**Task prompt:** Repeat the span of the entries below that starts at the line with "MIG Torch Euro/Binzel Style 25AK/36KD/501D" and ends at the line with "eller ændre her.", nothing more. Skip the pictures.

**Material for the task:**
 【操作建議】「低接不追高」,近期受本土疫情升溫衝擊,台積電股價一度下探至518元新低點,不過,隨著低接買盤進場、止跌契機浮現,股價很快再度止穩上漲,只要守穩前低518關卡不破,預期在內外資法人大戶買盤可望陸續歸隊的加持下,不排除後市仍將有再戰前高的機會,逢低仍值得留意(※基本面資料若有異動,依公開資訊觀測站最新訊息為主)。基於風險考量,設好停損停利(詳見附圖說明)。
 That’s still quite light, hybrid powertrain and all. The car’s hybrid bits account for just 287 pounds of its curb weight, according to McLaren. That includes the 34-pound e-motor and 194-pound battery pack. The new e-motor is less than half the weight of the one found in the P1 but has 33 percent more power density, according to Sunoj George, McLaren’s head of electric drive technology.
---
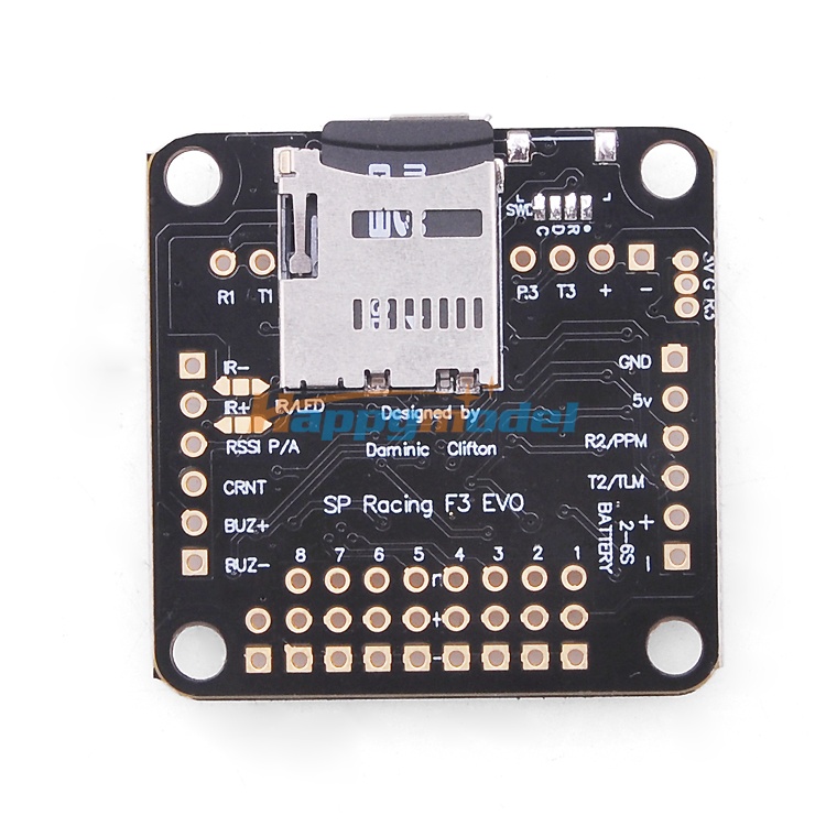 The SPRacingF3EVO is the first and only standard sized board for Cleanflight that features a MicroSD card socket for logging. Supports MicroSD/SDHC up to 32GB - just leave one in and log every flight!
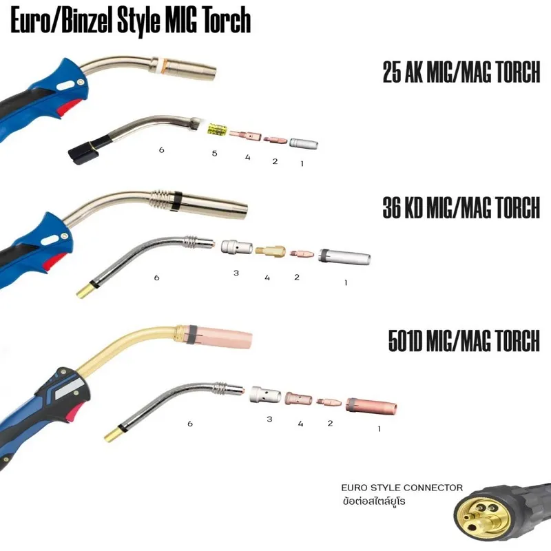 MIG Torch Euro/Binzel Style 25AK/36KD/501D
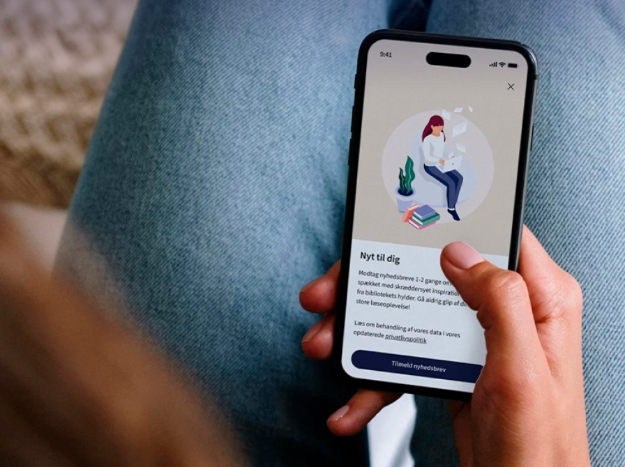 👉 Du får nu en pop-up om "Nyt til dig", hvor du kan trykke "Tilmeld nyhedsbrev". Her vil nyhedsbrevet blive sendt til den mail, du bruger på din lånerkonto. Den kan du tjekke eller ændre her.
* * *
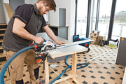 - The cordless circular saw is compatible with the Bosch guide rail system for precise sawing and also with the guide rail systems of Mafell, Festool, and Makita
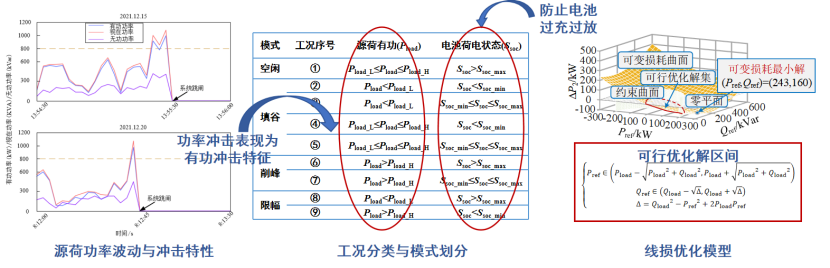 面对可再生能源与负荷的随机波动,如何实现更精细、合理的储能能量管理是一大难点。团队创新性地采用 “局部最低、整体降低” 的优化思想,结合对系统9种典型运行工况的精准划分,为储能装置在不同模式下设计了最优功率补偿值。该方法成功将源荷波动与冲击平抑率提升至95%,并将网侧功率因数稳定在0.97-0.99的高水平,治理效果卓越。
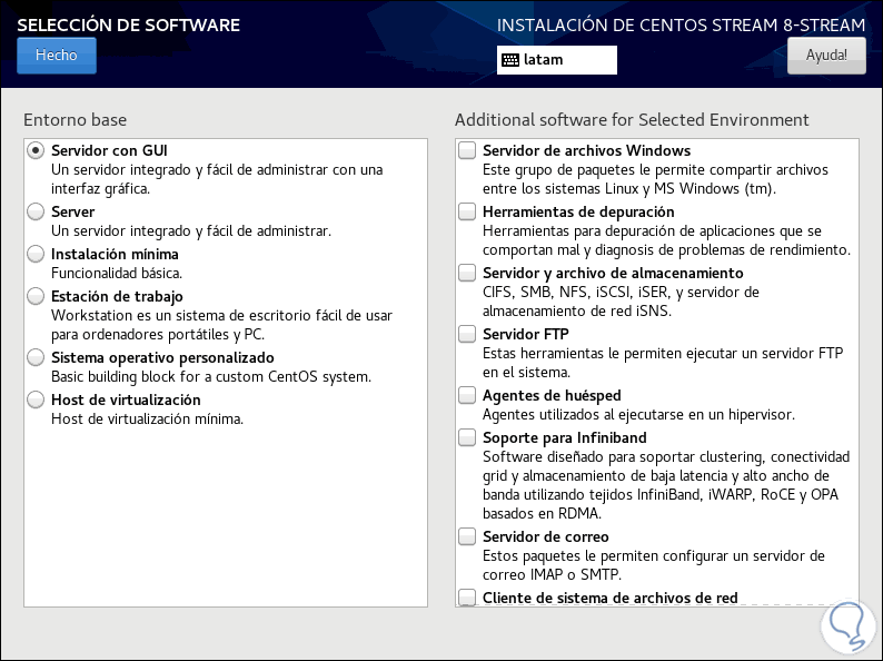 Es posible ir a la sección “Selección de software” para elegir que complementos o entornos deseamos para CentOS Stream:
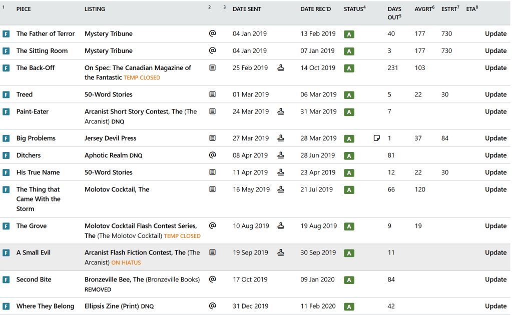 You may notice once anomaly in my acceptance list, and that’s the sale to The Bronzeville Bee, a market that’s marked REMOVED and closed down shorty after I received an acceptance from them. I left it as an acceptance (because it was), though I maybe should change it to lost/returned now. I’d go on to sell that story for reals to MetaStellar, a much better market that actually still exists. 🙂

**Expected answer:**
 MIG Torch Euro/Binzel Style 25AK/36KD/501D
 👉 Du får nu en pop-up om "Nyt til dig", hvor du kan trykke "Tilmeld nyhedsbrev". Her vil nyhedsbrevet blive sendt til den mail, du bruger på din lånerkonto. Den kan du tjekke eller ændre her.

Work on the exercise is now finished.